Bath Abbey confronts links to 'shameful' slave trade
- Published
A church is staging an exhibition dedicated to people with links to slavery and colonialism as a way of highlighting a past it "deeply regrets"
The memorials in Bath Abbey include plantation owners and slave traders.
The abbey's rector said it was "shameful" that slavery was practiced for so long without being challenged by the church or state.
A permanent display is planned along with school workshops and a website.
The exhibition, called Monuments, Empire & Slavery, is free to visit and is being hosted in the abbey's north transept.
Rector of Bath Abbey Canon Guy Bridgewater said: "Slavery should have no place in society, and must be renounced utterly.
"At Bath Abbey we deeply regret the hateful industry of human exploitation, whether by ignorant complicity or evil design, that certain of our 18th and 19th Century memorials make evident."
The abbey's learning officer, Polly Andrews, said: "There hasn't always been a great understanding or honesty about Bath's connections with the slave trade."
The project has received £9,000 from the National Archives and abbey staff are working with volunteers and other organisations, including the Bath Preservation Society.
"We've got over 200 monuments out of about 1,500 in the Abbey that we already know have connections," Ms Andrews said.
"We've got 25 mentions of Barbados, 18 of Jamaica and 37 of India and Bengal and they are just the names that have been easily discovered."
Volunteers will also be looking through editions of the Bath Chronicle from between 1760 and 1780.
"They're taking a look at keywords like Barbados, like sugar, like Jamaica, to see what comes up just to find out what people knew at the time in Bath about the colonies and what they knew about the transatlantic slave trade," said Ms Andrews.
"Obviously the money from that process really enabled a lot of people and a lot of businesses in Bath to be successful and have really quite grand lives and grand homes in Bath so all of that needs to be uncovered."
The Abbey has memorials which include people such as James Dottin Maycock, who owned two plantations in Barbados, and a large memorial dedicated to Sir William Baker, who became a director of the East India Company. He later held senior roles in the Hudson's Bay Company.
Hannah Alleyne is another person commemorated. She was born in Barbados into a plantation-owning family and married into another.

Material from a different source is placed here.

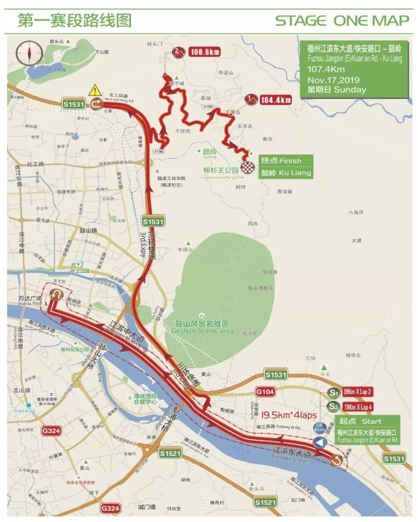 福州赛段:福州江滨东大道/快安路口至鼓岭,约107.4公里。

Her son, John Alleyne, was influenced by the American Founding Father Benjamin Franklin, a family friend, and became an abolitionist lawyer.
Also memorialised is Bartholomew Stibbs, a sailor who worked for the Royal African Company which trafficked 186,000 people from Africa to America, of which 38,000 died during these voyages.
While the funding from the National Archives will fund six months of work, more research is planned.
"It [the exhibition] won't be a flash in the pan. It's not just the abbey's history, it's the city's history," added Ms Andrews.